1. Does the Court Have the Authority to Modify Defendant’s Sentence.

Rule 32.1(b) of the Federal Rules of Criminal Procedure permits the Court to entertain requests for the modification of conditions of probation. Additionally, 18 U.S.C. § 3651 (now repealed), which applied to Mr. Vroman’s offenses, specified that “[t]he court may revoke or modify any condition of probation, or may change the period of probation.”2 Thus, it is clear [326]*326that this Court has the authority to modify Mr. Vroman’s probation.

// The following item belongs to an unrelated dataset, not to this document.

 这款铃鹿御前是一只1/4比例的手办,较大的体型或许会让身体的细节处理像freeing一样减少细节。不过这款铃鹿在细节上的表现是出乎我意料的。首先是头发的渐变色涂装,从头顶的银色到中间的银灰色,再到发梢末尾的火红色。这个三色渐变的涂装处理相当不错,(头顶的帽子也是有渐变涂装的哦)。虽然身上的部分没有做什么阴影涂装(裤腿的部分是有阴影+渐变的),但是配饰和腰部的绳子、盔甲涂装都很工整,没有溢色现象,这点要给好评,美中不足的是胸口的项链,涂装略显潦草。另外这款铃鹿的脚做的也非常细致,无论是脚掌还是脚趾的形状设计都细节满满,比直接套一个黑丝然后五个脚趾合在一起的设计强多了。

2. Is the Court Required To Modify Defendant’s Sentence.

In arguing that the Court is required to forego probation at a defendant’s request, Mr. Vroman principally relies on two cases: United States v. Mitsubishi Int’l Corp., 677 F.2d 785 (9th Cir.1982); and United States v. Smith, 414 F.2d 630 (5th Cir.1969), rev’d on other grounds sub nom. Schacht v. United States, 398 U.S. 58, 90 S.Ct. 1555, 26 L.Ed.2d 44 (1970).

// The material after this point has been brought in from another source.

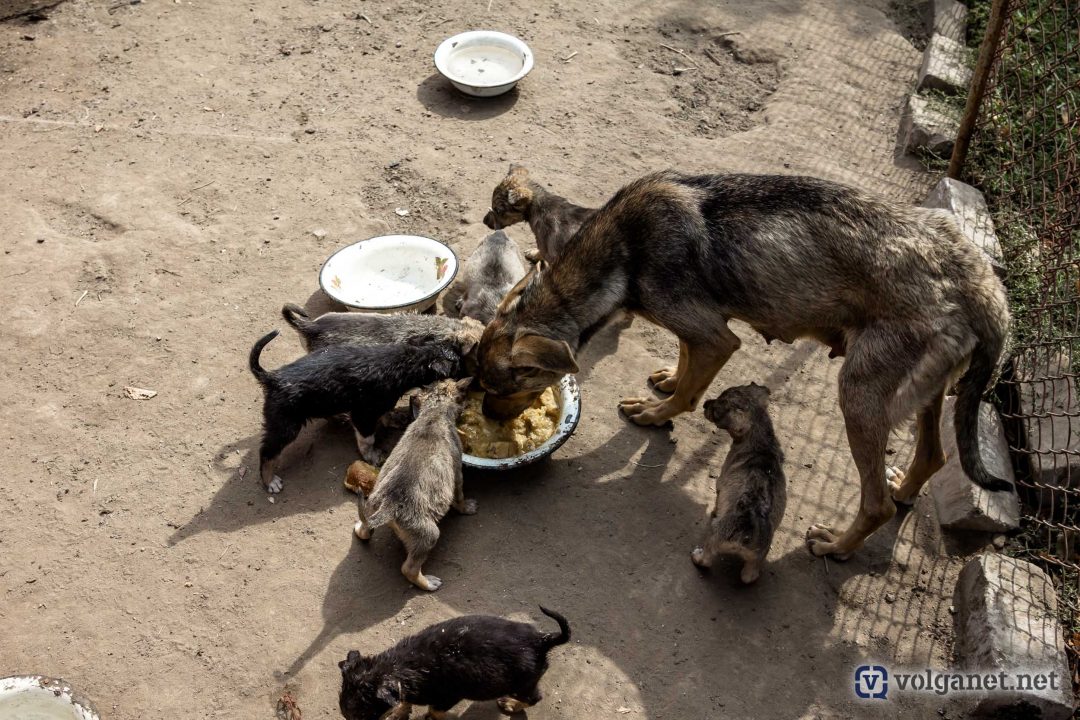 Здание приюта находится почти на самом берегу Волги, вид и воздух здесь потрясающие. А ещё звуки! Звуки деревни и тишины. Собака со щенками, кролики в клетках, лавочки под виноградными плетями… пастораль, одним словом. Кто-то из бездомных живёт здесь уже два года, другие мечтают вернуться домой.
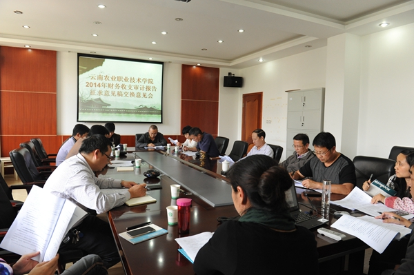2015年9月9日下午,学校在茭菱校区行政楼4楼会议室召开2014年财务收支审计报告(征求意见稿)交换意见会。参加会议的有上会会计事务所云南分所审计组,学校领导院长李永忠、纪委书记赵刚、副院长何明东,参加会议的部门是党委办公室(院长办公室)、组织部、纪检监察审计处、计划资产财务处、后勤管理处、园林园艺学院、畜牧兽医学院、云南省农职业教育培训中心。

In Mitsubishi, a defendant corporation challenged its sentence on appeal,, contending that the conditions, of probation imposed were more punitive than the,maximum penalty permitted by law. The Ninth Circuit rejected that argument as factually-incorrect. Additionally, the Ninth Circuit relied upon what is essentially an estoppel argument, and noted that the defendant could have rejected probation at the time of imposition. In doing so, the Ninth Circuit stated that “[a] defendant generally may reject probation and elect to have sentence imposed.” Mitsubishi, 677 F.2d at 788.

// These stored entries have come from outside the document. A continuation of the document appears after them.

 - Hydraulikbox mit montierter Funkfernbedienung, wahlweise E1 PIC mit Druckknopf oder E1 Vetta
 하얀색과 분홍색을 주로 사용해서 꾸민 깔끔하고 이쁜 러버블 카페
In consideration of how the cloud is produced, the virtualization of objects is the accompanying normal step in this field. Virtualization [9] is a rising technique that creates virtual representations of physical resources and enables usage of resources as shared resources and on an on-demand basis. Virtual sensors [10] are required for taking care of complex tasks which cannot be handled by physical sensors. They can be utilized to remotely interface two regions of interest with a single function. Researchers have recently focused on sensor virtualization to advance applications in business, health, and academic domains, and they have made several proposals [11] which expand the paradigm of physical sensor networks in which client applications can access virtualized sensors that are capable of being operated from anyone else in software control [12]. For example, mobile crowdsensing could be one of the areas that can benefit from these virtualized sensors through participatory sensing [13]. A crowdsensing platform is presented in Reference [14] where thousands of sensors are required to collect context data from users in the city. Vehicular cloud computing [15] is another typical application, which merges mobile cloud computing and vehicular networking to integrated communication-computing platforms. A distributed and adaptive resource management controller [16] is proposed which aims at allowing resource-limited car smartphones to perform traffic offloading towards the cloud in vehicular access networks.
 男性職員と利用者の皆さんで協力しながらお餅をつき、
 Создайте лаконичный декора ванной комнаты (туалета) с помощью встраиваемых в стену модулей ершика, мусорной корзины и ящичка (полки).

Mitsubishi cited three cases' for this proposition: United States v. Pierce, 561 F.2d 735, 739 (9th Cir.1977), cert. denied, 435 U.S. 923, 98 S.Ct. 1486, 55 L.Ed.2d 516 (1978); United States v. Smith, 414 F.2d 630, 636 (5th Cir.1969),, rev’d on other grounds sub nom. Schact v. United States, 398 U.S. 58, 90 S.Ct. 1555, 26 L.Ed.2d 44 (1970); and Schwab v. Coleman, 145 F.2d 672, 678 (4th Cir.1944).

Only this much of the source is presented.